From the table, it can be seen that SheetAgentはSheetCopilotよりも16.8%も高いPass@1と6.8%も高いExec@1 is achieved and outperforms SheetCopilot in terms of performance.

This demonstrates that SheetAgent has more advanced reasoning capabilities and is able to manipulate complex spreadsheets.

In addition, the figure below compares SheetAgent and SheetCopilot on a task that includes a reasoning assignment.

As shown in the figure, SheetCopilot was unable to generate a solution that satisfied the instruction, whereas SheetAgenth was able to correctly identify the intent of the instruction based on the information given and generate a superior solution.

Summary

How was it?
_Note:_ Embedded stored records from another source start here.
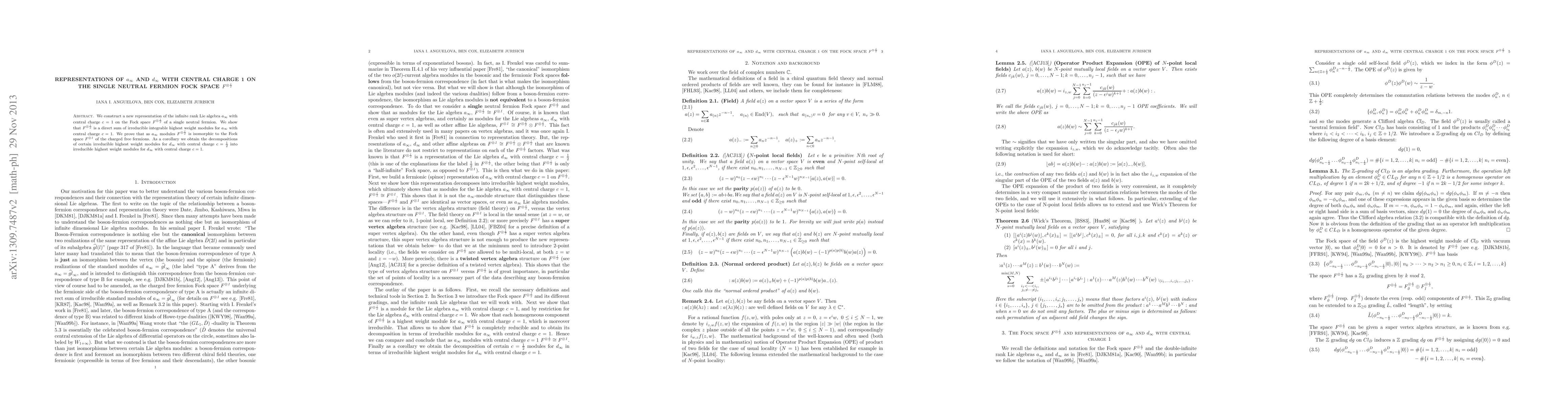 This paper constructs a new representation of the Lie algebra $a_{\infty}$ with central charge 1 on the single neutral fermion Fock space $\mathit{F^{\otimes \frac{1}{2}}}$, proving it is isomorphic to the Fock space $\mathit{F^{\otimes 1}}$ of charged fermions. It also decomposes certain irreducible highest weight modules for $d_{\infty}$ with central charge $\frac{1}{2}$ into modules for $d_{\infty}$ with central charge 1.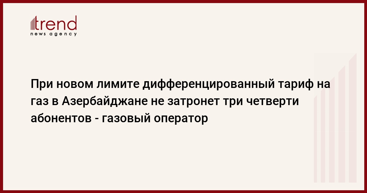 Согласно данному решению, тарифы на природный газ для потребителей из группы населения, годовой объем потребления которых не превышает 1500 кубометров, был оставлен на уровне 0,1 маната за один кубометр. Стоимость одного кубометра газа для населения, объем годового потребления которых превышает 1500 кубометров, была установлена на уровне 0,2 маната.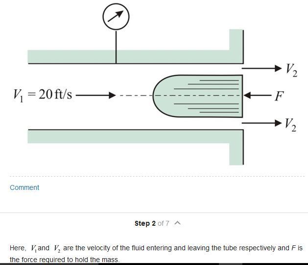 held in the end of the tube where the water discharges to atmosphere. Neglect frictional effects and assume uniform velocity profiles at each section. Determine (a) the pressure measured by the gage and (b) the force required to hold the body.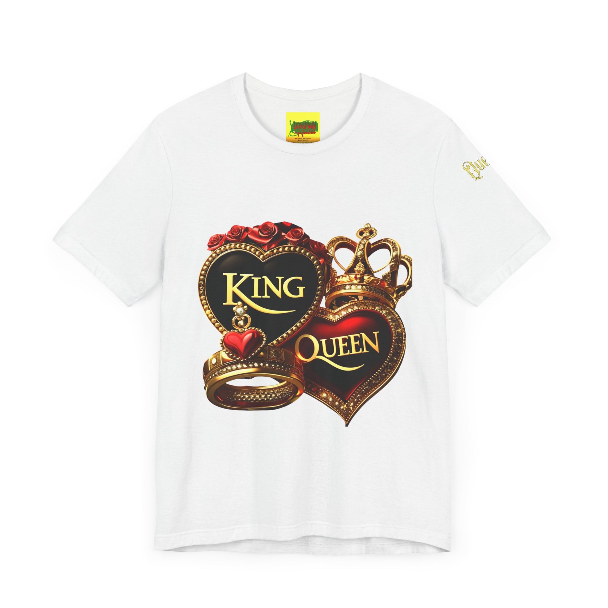 Elevate your wardrobe with this stylish Lion's Main Apparel Royalty King & Queen Tee Unisex Jersey Short Sleeve Tee, designed for those who embrace their royal flair. Featuring a vibrant graphic of crowns and hearts, this tee exudes confidence and charm. Perfect for layering or wearing solo, it's a versatile piece that enhances both casual outings and more polished occasions. Ideal for couples celebrating anniversaries, Valentine's Day, or anyone in search of a unique outfit for themed parties or everyday wear. Whether you're gifting it to a loved one or treating yourself, this tee brings a touch of regality to everyday life.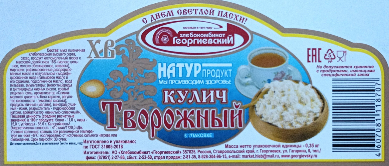 Кулич Натурпродукт Творожный, 350г — традиционное лакомство главного христианского праздника, выпечке которого, как и художественной росписи яиц, в календаре отведен особенный день — Чистый четверг. В православной России форма кулича повторяет очертания церковной просфоры — литургического хлеба, кусочки которого священники раздают во время таинства причащения.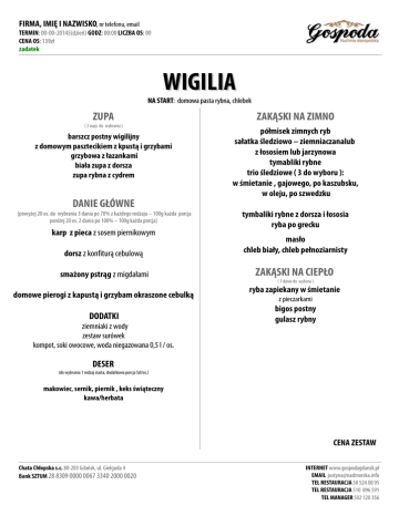 FIRMA, IMIĘ I NAZWISKO, nr telefonu, email TERMIN: 00-00-20145(dzień) GODZ: 00:00 LICZBA OS: 00 CENA OS: 139zł zadatek WIGILIA NA START: START: domowa pasta rybna, chlebek ZUPA ( 2 zupy do wybrania ) barszcz postny wigilijny z domowym pasztecikiem z kpustą i grzybami grzybowa z łazankami biała zupa z dorsza zupa rybna z cydrem DANIE GŁÓWNE (powyżej 20 os. do wybrania 3 dania po 70% z każdego rodzaju – 100g każda porcja poniżej 20 os. 2 dania po 100% – 100g każda porcja) karp z pieca z sosem piernikowym ZAKĄSKI NA ZIMNO półmisek zimnych ryb sałatka śledziowo – ziemniaczanalub z łososiem lub jarzynowa tymabliki rybne trio śledziowe ( 3 do wyboru ): w śmietanie , gajowego, po kaszubsku, w oleju, po szwedzku tymbaliki rybne z dorsza i łososia ryba po grecku dorsz z konfiturą cebulową masło chleb biały, chleb pełnoziarnisty smażony pstrąg z migdałami ZAKĄSKI NA CIEPŁO domowe pierogi z kapustą i grzybam okraszone cebulką DODATKI ziemniaki z wody zestaw surówek kompot, soki owocowe, woda niegazowana 0,5 l / os. ( 1 danie do wyboru ) ryba zapiekany w śmietanie z pieczarkami bigos postny gulasz rybny DESER (do wybrania 1 rodzaj ciasta, dodatkowa porcja 5zł/os.) makowiec, sernik, piernik , keks świąteczny kawa/herbata CENA ZESTAW Chata Chłopska s.c. 80-203 Gdańsk, ul. Giełguda 4 Bank SZTUM 28 8309 0000 0067 3340 2000 0020 INTERNET www.gospodagdansk.pl EMAIL [email protected] TEL RESTAURACJA 58 524 00 95 TEL RESTAURACJA 510 096 591 TEL MANAGER 502 120 356 FIRMA, IMIĘ I NAZWISKO, nr telefonu, email TERMIN: 00-00-20145(dzień) GODZ: 00:00 LICZBA OS: 00 CENA OS: 139zł zadatek 139zł /osoba Chata Chłopska s.c. 80-203 Gdańsk, ul. Giełguda 4 Bank SZTUM 28 8309 0000 0067 3340 2000 0020 INTERNET www.gospodagdansk.pl EMAIL [email protected] TEL RESTAURACJA 58 524 00 95 TEL RESTAURACJA 510 096 591 TEL MANAGER 502 120 356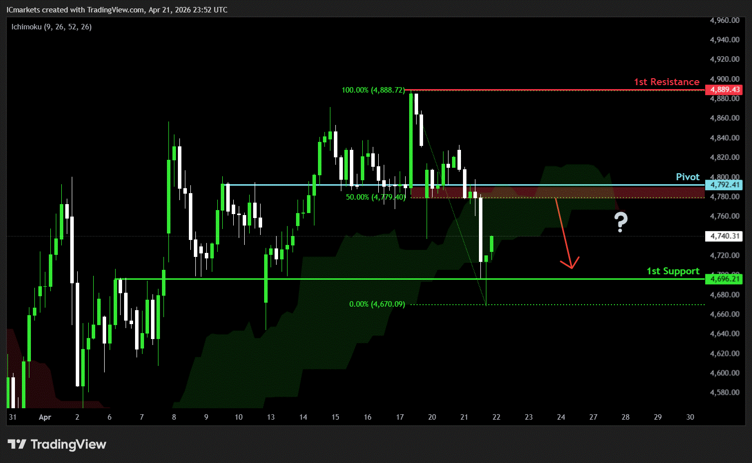 1st support: 4,696.21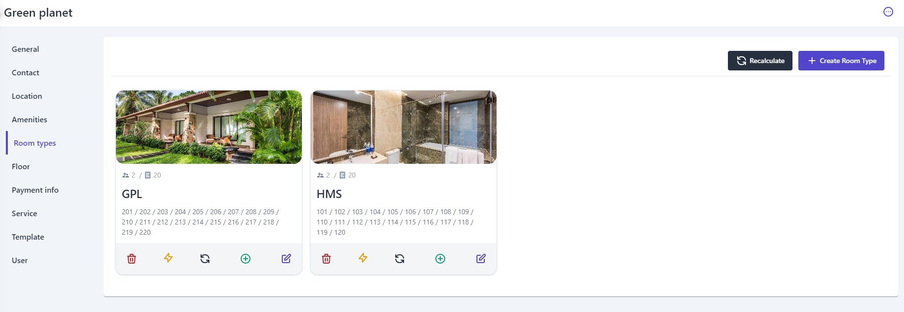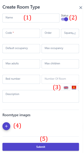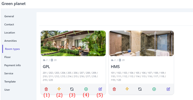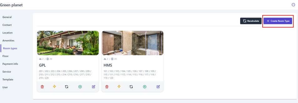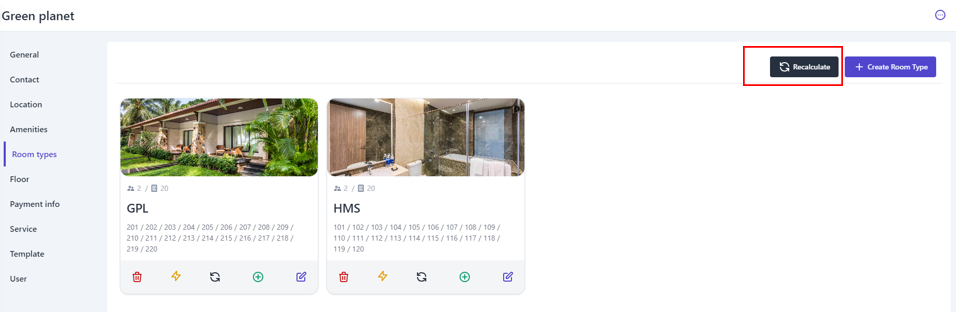 (2) Turn on/off the status bar to enable/disable selling this room category. (3) The description section can be entered in Vietnamese and English. (4) Select the icon :tạo_mới: to upload an image of the room type (5) Select "Save" to complete creating the new room type. 2. Recalculate: ![]() In case users make changes to the number of rooms for each room type, this feature will help users quickly recalculate the number of rooms in order. 3. Other Functions: ![]()
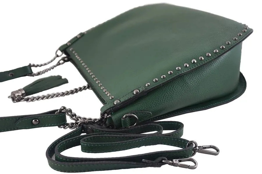 Modna torebka skórzana na ramię z nitami została wykonana ze skóry naturalnej licowej. Propozycja sklepu internetowego w kategorii Torebki Klasyczne – modna torebka skórzana na ramię z nitami, ze skórzanym frędzelkiem na łańcuszku oraz dodatkowym regulowanym paskiem. Ofertę kierujemy do kobiet dbających o modne stylizacje do pracy lub na spotkanie, poszukujących stylowych dodatków codziennej garderoby. Sklep internetowy oferuje listonoszki, worki skórzane, aktówki oraz torby męskie i portfele ze skóry naturalnej licowej oraz lakierowanej.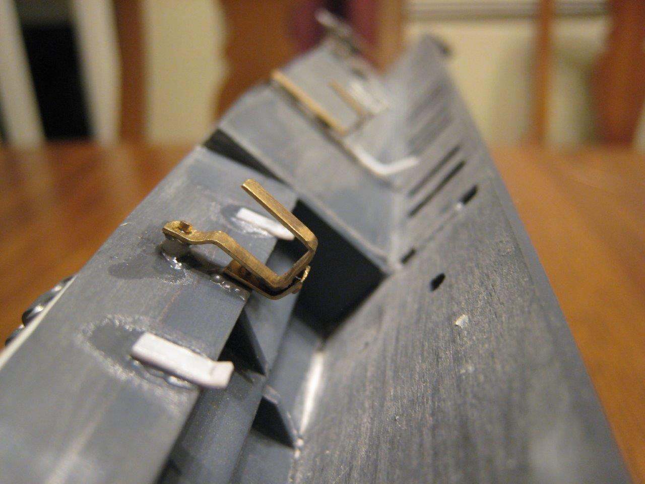 Grab handle: The Gs don’t seem to have the step ladder on the portside fender like previous versions. But, I’ve seen some photos where there was a grab handle in its place. I used some 1.4-mm brass wire to fabricate one. It stands about 3-mm off the deck and is about 10-mm wide. Before epoxying it into place, I sanded the surface to rough it up. I did this because I’ve noticed some of the paint chipping off my brass parts on my PzIII. Perhaps this will help the primer stick better when it’s time to paint.

In this issue, we discussed SheetRM, a new benchmark for developing and evaluating LLM agents that manipulate spreadsheets to bridge the gap between real-world challenges in spreadsheets, and SheetAgent, an LLM agent that consists of three modules and is capable of advanced reasoning and accurate spreadsheet The paper describes the proposed SheetAgent, an LLM agent that consists of three modules and is capable of advanced reasoning and accurate spreadsheets.

Comparative experiments conducted in this paper confirm that the proposed SheetAgent has the ability to manipulate more complex spreadsheets and perform more complex tasks compared to existing methods.

Although not publicly available on github at this stage, this framework will be open-sourced so that anyone can use it, and we look forward to future developments as this is expected to free many people from the tedious task of making spreadsheets.

The details of the framework and experimental results presented here can be found in this paper for those interested.